Women with overly large breasts often complain of back pain, shoulder pain, neck pain, headaches, and breast pain, as well as rashes, wounds and sores along the undersurface of the breasts. Although breast reduction (reduction mammaplasty) has been demonstrated to alleviate symptoms associated with macromastia and improve quality-of-life, the amount of tissue required for excision to provide medical benefit has yet to be demonstrated. Breast reduction surgery is therefore considered by the American Society of Plastic Surgeons (ASPS) to be medically necessary when one or more of the following symptoms are documented:
- Chronic breast pain due to weight of the breasts
- Intertrigo unresponsive to medical management
- Upper back, neck, and shoulder pain
- Backache, unspecified
- Thoracic kyphosis, acquired
- Shoulder grooving from bra straps
- Upper extremity paresthesia due to brachial plexus compression syndrome secondary to the weight of the breasts being transferred to the shoulder strap area
- Headache
- Congenital breast deformity
The recommendations of the ASPS are based on prospective outcomes studies and meta-analyses that essentially demonstrate no correlation between amount of breast tissue excised and relief of preoperative symptoms. Unfortunately, when symptoms are self-reported, it is difficult to determine medical necessity as reduction mammplasty can be performed for cosmetic reasons. As a result, although the specifics vary from company to company, most major health insurance carriers have well-defined criteria that must be met in order to cover the costs associated with breast reduction. These criteria usually fall into three distinct categories:
- Documentation of symptoms. Merely telling a plastic surgeon that you suffer from pain or rashes is not adequate. To truly document symptoms related to overly large breasts, clinic notes from physicians other than a plastic surgeon demonstrating visits related to these problems is a must.

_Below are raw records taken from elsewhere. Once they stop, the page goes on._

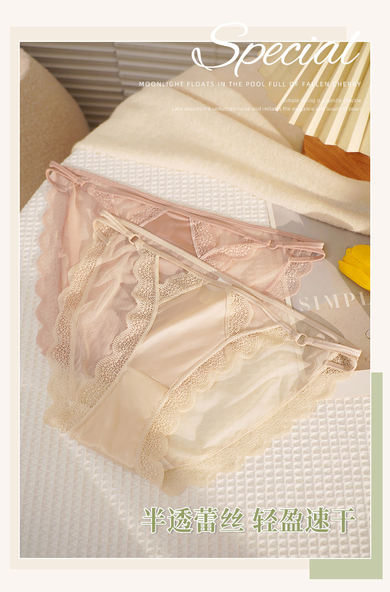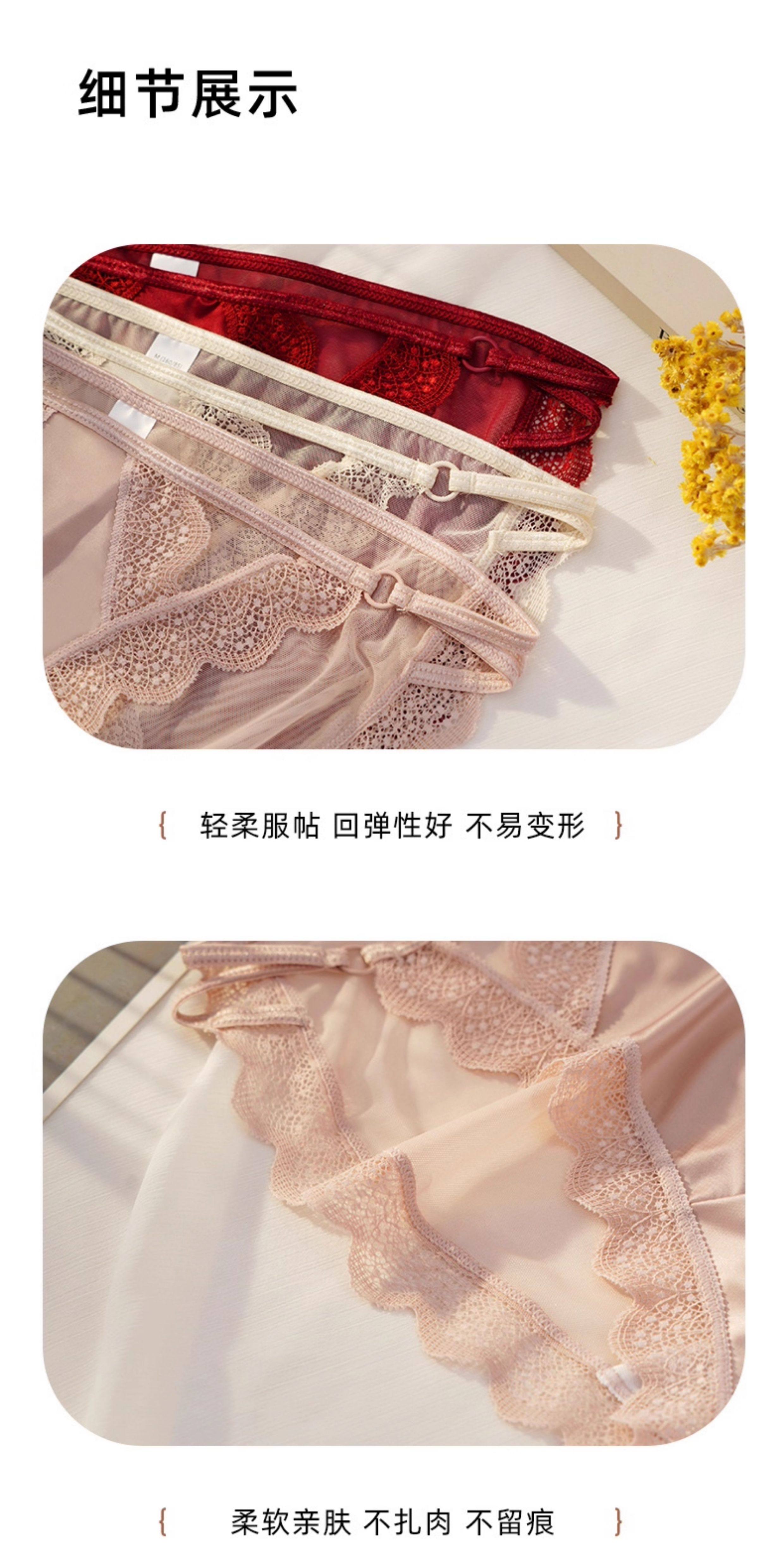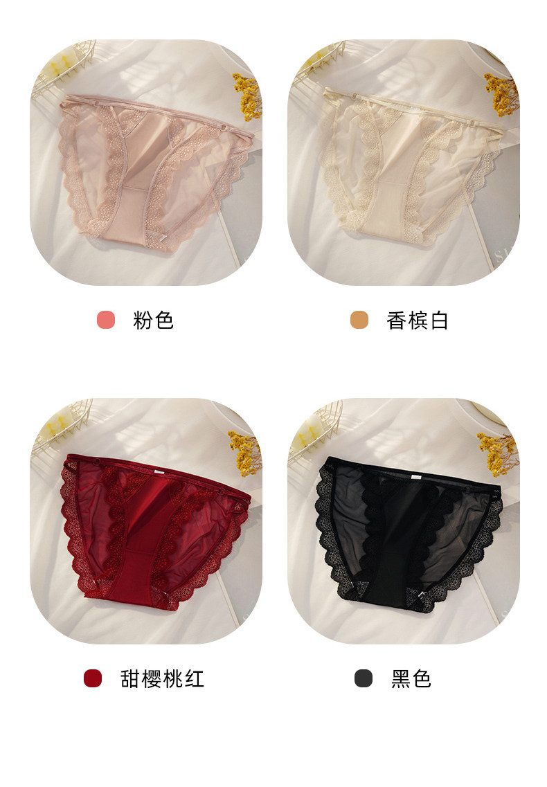 蕾絲內褲女性感新款2025女生純棉襠網紗高級緞面夏季純欲透明紅色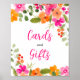 Des cartes de douches nuptiales boho chic orange, rose et vert floral et des cadeaux signent avec de jolies fleurs peintes à la main dans et fleurissent avec le feuillage verdoyant. Une jolie douche nuptiale de jardin avec une brosse de police de script moderne.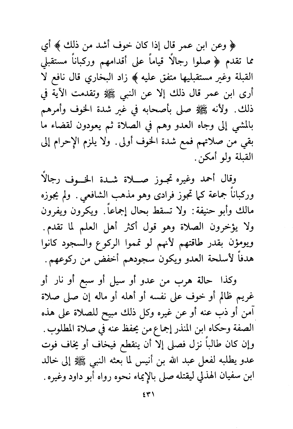(وعن ابن عمر قال إذا كان خوف أشد من ذلك) أي مما تقدم (صلوا رجالاً قيامًا على أقدامهم وركبانًا مستقبلي القبلة وغير مستقبليها متفق عليه) زاد البخاري قال نافع لا أرى ابن عمر قال ذلك إلا عن النبي – - صلى الله عليه وسلم - وتقدمت الآية في ذلك. ولأنه - صلى الله عليه وسلم - صلى بأصحابه في غير شدة الخوف وأمرهم بالمشي إلى وجاه العدو وهم في الصلاة ثم يعودون لقضاء ما بقي من صلاتهم فمع شدة الخوف أولى. ولا يلزم الإحرام على القبلة ولو أمكن.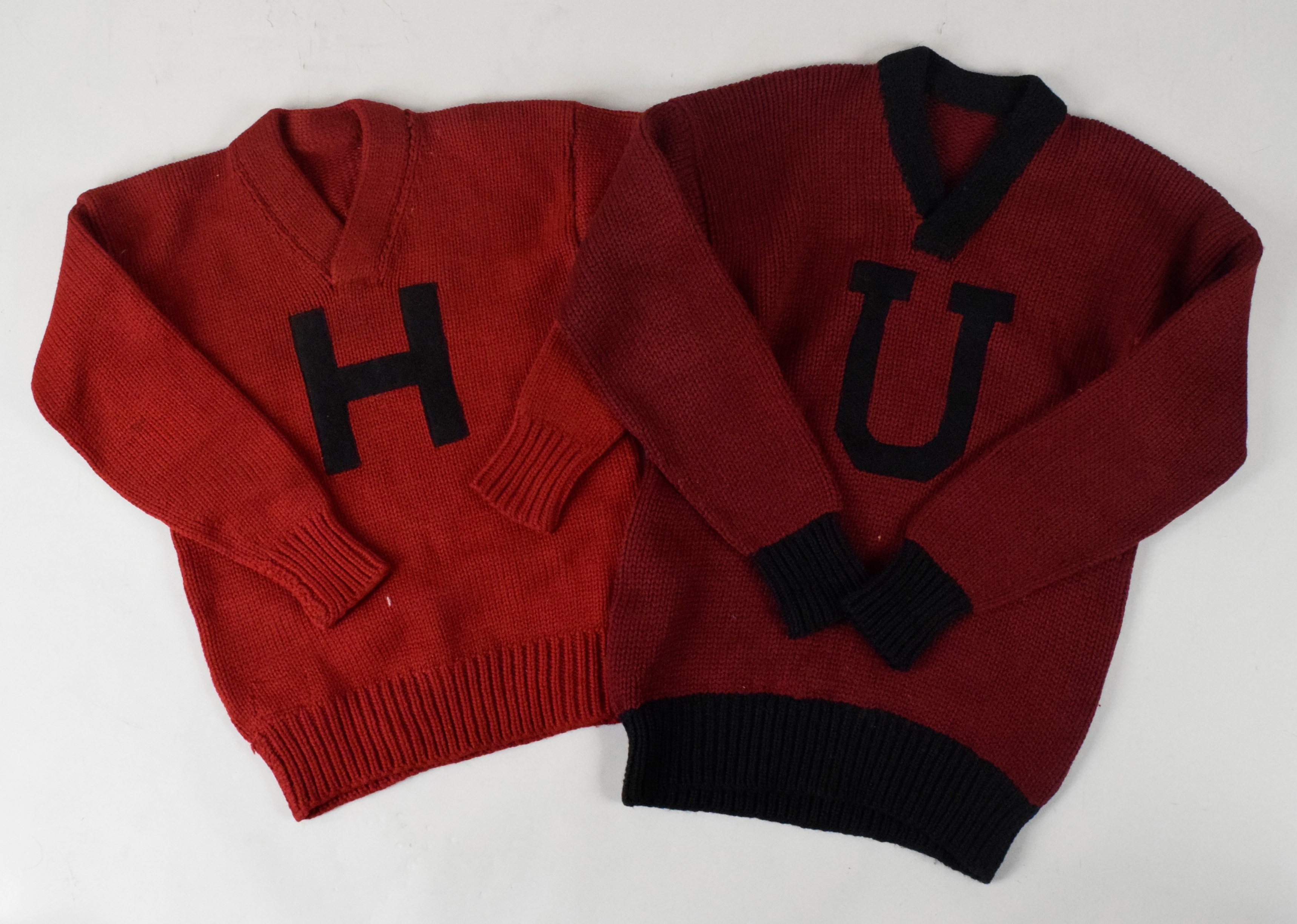 Description:Lot of (4) vintage Spalding sweaters (VG/EX-EX/MT). Includes black sweater with gold "1930" across the front (VG/EX interior name tag almost entirely torn away), navy blue sweater with white "1941" across the front (EX/MT), red sweater with black "H" patch (EX tag wear), and burgundy sweater with black trim and black "U" patch (EX/MT).

- Failure of nonoperative treatment. Most major insurance companies require documentation that nonoperative treatment, including physical therapy, chiropractic treatment, anti-inflammatory medications, and use of wide-strapped bras, have been tried and failed over a defined period of time. Some insurance companies require documentation over a span as short of 6 weeks, others range to as long as 6 months.
- Minimum weight requirement. Although good data exist demonstrating no correlation between the amount of breast tissue removed and relief of preoperative symptoms, most insurance companies still have a minimum weight requirement of excised breast tissue. Their rationale for this is that small breast reductions are akin to breast lifts (mastopexy), and thus, are more likely to be cosmetic in nature. Many insurance criteria utilize the Schnur scale, which determines the minimum amount of excised breast tissue in relation to the patient’s body surface area, which is calculated with their height and weight. The more a patient weighs and the taller they are, the more breast tissue needs to be removed.
As is quite evident, some hoops need to be jumped prior to getting approval from your insurance carrier prior to breast reduction, even if the procedure is medically necessary. It is important to check with your insurance carrier to see if breast reduction is a covered procedure and, if so, what the criteria for coverage are. Often times, the criteria is too difficult to meet or breast reduction is an excluded procedure entirely. In these cases, the procedure can be done for a set price with your local, board certified plastic surgeon.